Proving Summation with Kronecker Delta and Levi-Civita

  • Thread starter Thread starter newton1
  • Start date Start date
  • Tags Tags
    Delta
Click For Summary
SUMMARY

The discussion centers on proving the summation identity SUM(k) [E(ijk)E(lmk)] = d(il)d(jm) - d(im)d(jl), where "d" represents the Kronecker delta and "E" denotes the Levi-Civita permutation symbol. The participants clarify the definitions of the Kronecker delta and the Levi-Civita symbol, emphasizing their roles in the proof. The proof involves expanding the permutation symbols and applying the distributive property to simplify the summation, ultimately leading to the established identity.

PREREQUISITES
  • Understanding of Kronecker delta notation (d(ij))
  • Familiarity with Levi-Civita permutation symbol (E(ijk))
  • Basic knowledge of summation notation and properties
  • Experience with tensor algebra and indices
NEXT STEPS
  • Study the properties of Kronecker delta in tensor calculus
  • Learn about the applications of Levi-Civita symbol in physics and engineering
  • Explore advanced topics in tensor analysis and their proofs
  • Investigate the role of permutation symbols in multi-dimensional algebra
USEFUL FOR

Mathematicians, physicists, and engineers who are working with tensor calculus, particularly those involved in theoretical physics and advanced mathematics.

newton1
Messages
151
Reaction score
0
i need help...:frown:
prove SUM(k) [E(ijk)E(lmk)]= d(il)d(jm) - d(im)d(jl)
where "d" is Kronecker delta symbol and "E" is permutation symbol or
Levi-Civita density
 
Last edited by a moderator:
Physics news on Phys.org
A clarification: the Kronecker delta, d(ij), is 1 if i= j, 0 otherwise.

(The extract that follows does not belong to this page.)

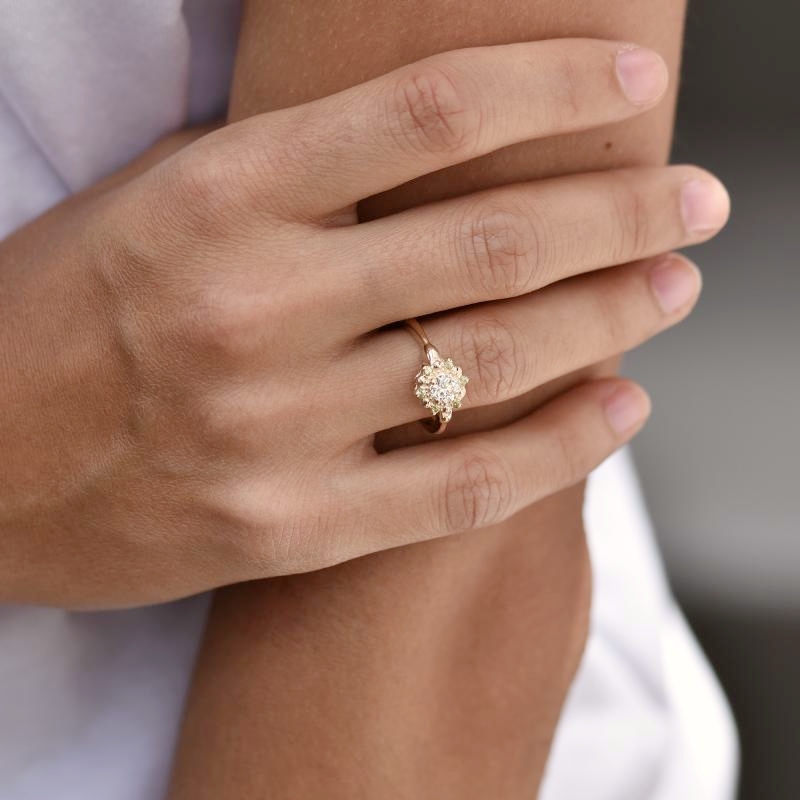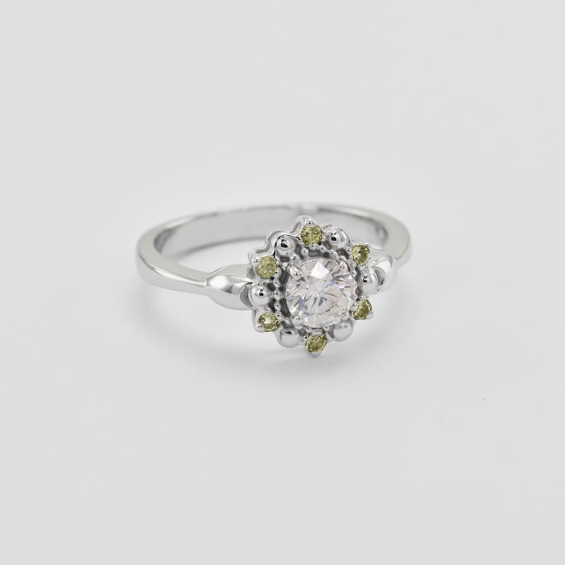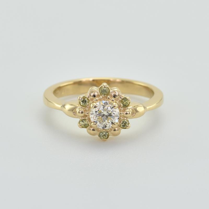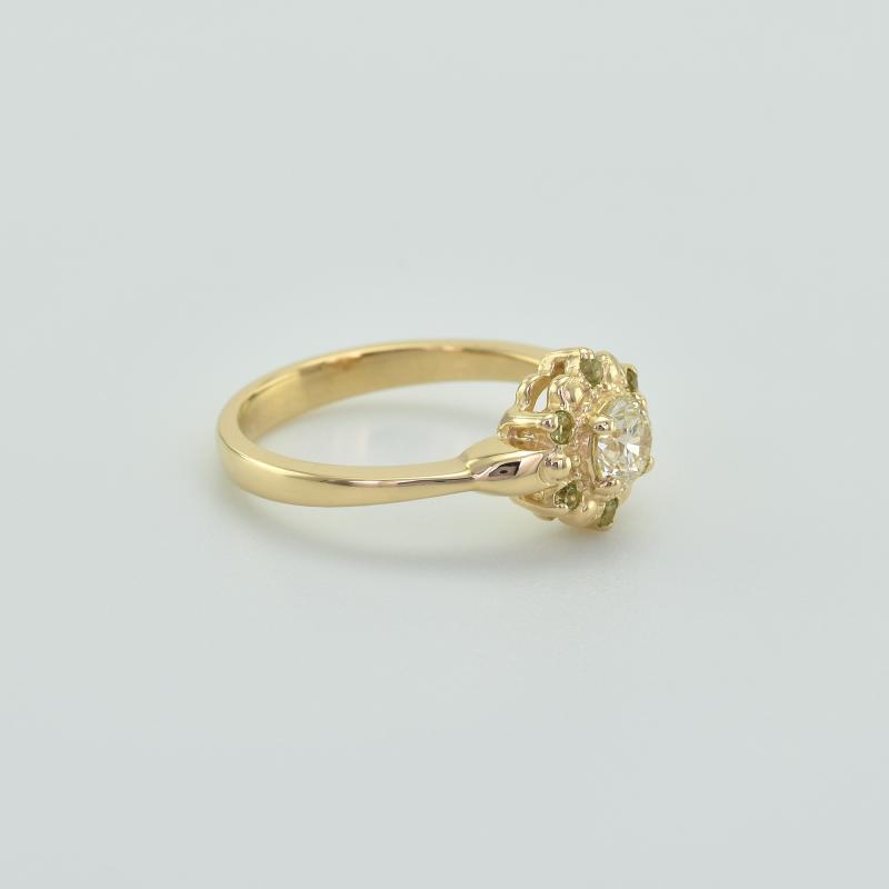 Goldener Verlobungsring mit Olivin und Diamanten Dylah

The Levi-Civita permutation symbol, E(ijk) {real notation is "epsilon"), is 1 if ijk is an even permutation of 123, -1 if ijk is an odd permutation of 123, and 0 otherwise. While d(ij) is defined for all dimensions, E(ijk) implies that i, j, and k can only be 1, 2 ,3. For higher "dimensions" we would need more indices.

SUM(k) [E(ijk)E(lmk)]= E(ij1)E(lm1)+ E(ij2)E(lm2)+E(ij3)E(lm3)
 


To prove this summation using Kronecker delta and Levi-Civita, we can start by writing out the sum as:

SUM(k) [E(ijk)E(lmk)]

We can then expand the first permutation symbol using its definition:

E(ijk) = d(ij)k - d(ik)j

Substituting this into the original sum, we get:

SUM(k) [d(ij)k - d(ik)j]E(lmk)

Next, we can expand the second permutation symbol in a similar way:

E(lmk) = d(lm)k - d(lk)m

Substituting this into the sum, we get:

SUM(k) [d(ij)k - d(ik)j] [d(lm)k - d(lk)m]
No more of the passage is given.